Quadro legal do encerramento de contas é complexo;

De acordo com Abílio Sousa, formador e contabilista certificado
Quadro legal do encerramento de contas é complexo
Abílio Sousa defende um pacto de regime no sentido de levar a cabo uma verdadeira reforma fiscal.
A existência de uma declaração de rendimentos para determinar o IRC a pagar faz sentido. No entanto, no nosso país, o quadro legal é complexo e induz em erro. Pelo que se justifica plenamente uma reavaliação da declaração Modelo 22, na perspetiva de Abílio Sousa, formador e contabilista certificado. Em entrevista à “Contabilidade & Empresas”, defende que é o momento para levar a cabo uma verdadeira reforma fiscal. Mas acalenta poucas esperanças de que o poder político chegue a um acordo de regime no que toca a esta matéria.


Contabilidade & Empresas - No âmbito do encerramento de contas, justifica-se, em geral, a existência da declaração Modelo 22?
Abílio Sousa -
Justifica-se a existência de uma declaração de rendimentos que permita determinar o imposto a pagar (IRC) e seu pagamento. Todavia, o quadro legal é complexo e esta complexidade reflete-se na declaração modelo 22. Julgo que muitas das correções constantes do quadro 07 não se justificam. É aceitável que o resultado fiscal não seja exatamente o apurado na contabilidade, mas já não é aceitável que existam tantas diferenças entre eles. É necessário fazer uma análise custo-benefício sobre as correções ao lucro tributável e os seus resultados práticos em sede de cobrança de IRC. Este trabalho nunca foi feito e, por isso, quando as receitas baixam, criam-se novas tributações autónomas ou aumentam-se as existentes, criando assim "novos impostos" sobre despesas e não sobre lucros, o que representa uma distorção total dos princípios tributários subjacentes à criação de um imposto sobre o rendimento.

C&E -  Por certo, existem deficiências. Quais são e como pode o problema ser resolvido?
AS -
A situação carece de uma verdadeira reforma fiscal, com carácter estável e duradouro, o que implica um acordo de regime entre os partidos, coisa que não me parece viável nos próximos anos.

C&E - De uma maneira geral, as empresas têm capacidade para darem resposta adequada às exigências impostas?
AS -
Não. Para dar resposta às exigências fiscais, as empresas necessitam de técnicos qualificados, sejam contabilistas certificados ou mesmo consultores fiscais. As microempresas recorrem, em regra, a serviços de outsourcing.

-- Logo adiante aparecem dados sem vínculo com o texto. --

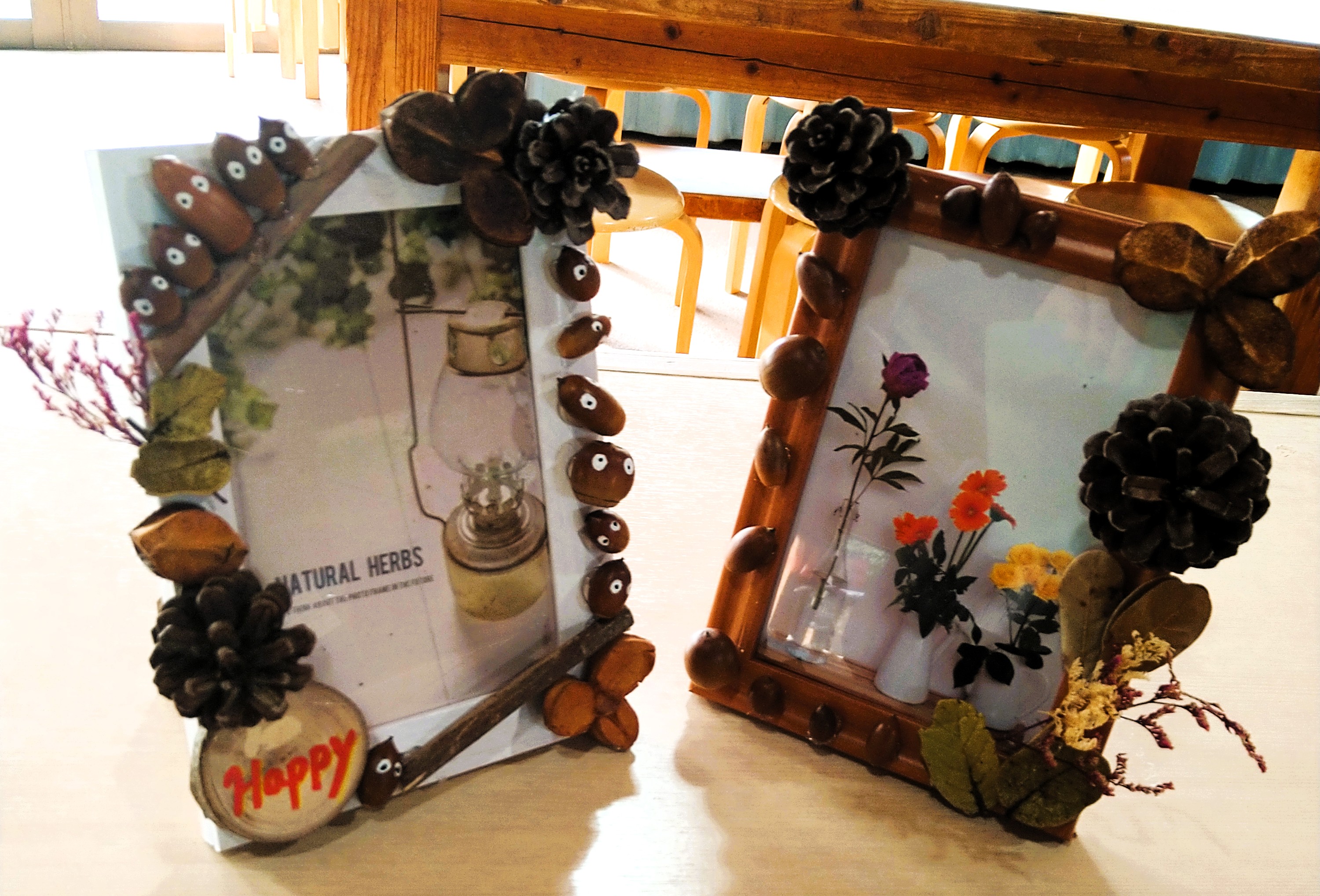 森でとれたドングリや木の実をたっぷりと使って、はがきや写真を飾る自分だけのフォトフレームを作ろう!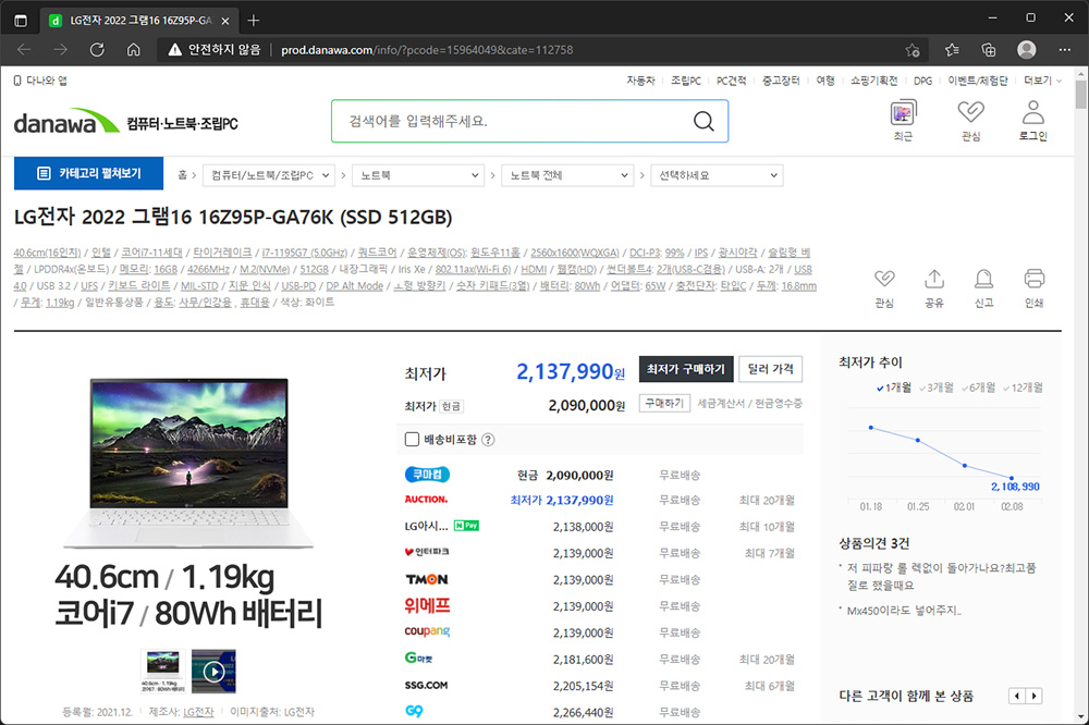 제가 가장 추천하는 제품 중의 하나는 LG전자 2022 그램16 16Z95P-GA76K입니다. 프로세서의 일정 때문에 12세대 인텔 제품이 탑재되지 않았다는 점은 아쉽지만 16인치 노트북임에도 불구하고 무게가 1.19kg이라서 휴대성을 중요하게 생각하는 분들에게 유용합니다. 그리고 한 가지 팁을 드리자면 LPDDR4x 메모리는 온보드되어 있어서 나중에 따로 업그레이드할 수 없으니 가능하면 16GB 용량의 제품을 구매하는 것이 좋습니다.
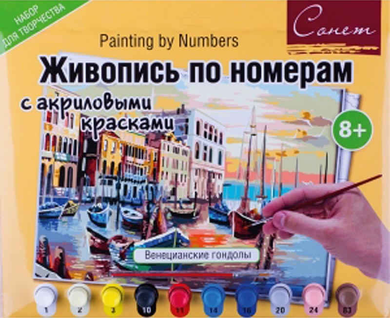 1 грунтованный картон с разметкой для рисунка, 10 акриловых красок, кисточка

C&E - O ideal não seria alterar o sistema, sobretudo no sentido de uma maior simplificação?
AS -
Claro, esse é caminho a seguir, mas a simplificação é muitas vezes associada à criação de regimes simplificados, o que não representa a mesma coisa. A simplificação tem de assentar na revisão das regras de apuramento do lucro tributável do regime geral e não através da criação sucessiva de regimes simplificados cuja expressão é muito reduzida quanto ao número de sujeitos passivos que a eles aderem.  

C&E -  A Modelo 22 não é mais uma de toda uma série de declarações, muitas das quais sem sentido?
AS -
Não. A declaração modelo 22 desempenha um papel importante no quadro das obrigações declarativas pelas razões apontadas. No entanto, o conjunto das obrigações declarativas é demasiado extenso e ainda persistem algumas duplicações. Todos os países, de um modo geral, têm vindo a diminuir os custos de contexto impostos às empresas, mas em Portugal ainda não se pensou nisto a sério.  

C&E – Na sua perspetiva, os contabilistas certificados estão devidamente preparados para darem a informação necessária?
AS -
A Ordem dos Contabilistas Certificados (OCC) tem vindo a incrementar a aposta na formação. Constato com agrado que hoje os contabilistas certificados estão bem preparados para cumprirem as obrigações fiscais.

C&E - Os Orçamentos do Estado estão constantemente a introduzir alterações. Justifica-se?
AS -
Não. O Orçamento do Estado não deve ser utilizado como elemento preponderante para efetuar alterações fiscais. Em minha opinião, o Orçamento do Estado só deve ser utilizado para alterações estruturais ou para introdução de medidas anti-abuso que visem colmatar lacunas legais. Infelizmente, verifico que muitas alterações de pormenor enchem os vários Orçamentos do Estado.

C&E - Até que ponto a Modelo 22 permite retirar benefícios para as empresas?
AS -
Não se trata propriamente de retirar benefícios mas sim de os aplicar. Muitas empresas não aproveitam os benefícios fiscais existentes, algumas por puro desconhecimento, outras por dificuldades de aplicação. O nosso Código Fiscal do Investimento é um instrumento legal muito complexo e demasiado influenciado por disposições comunitárias, muitas delas mal transpostas para o quadro jurídico interno.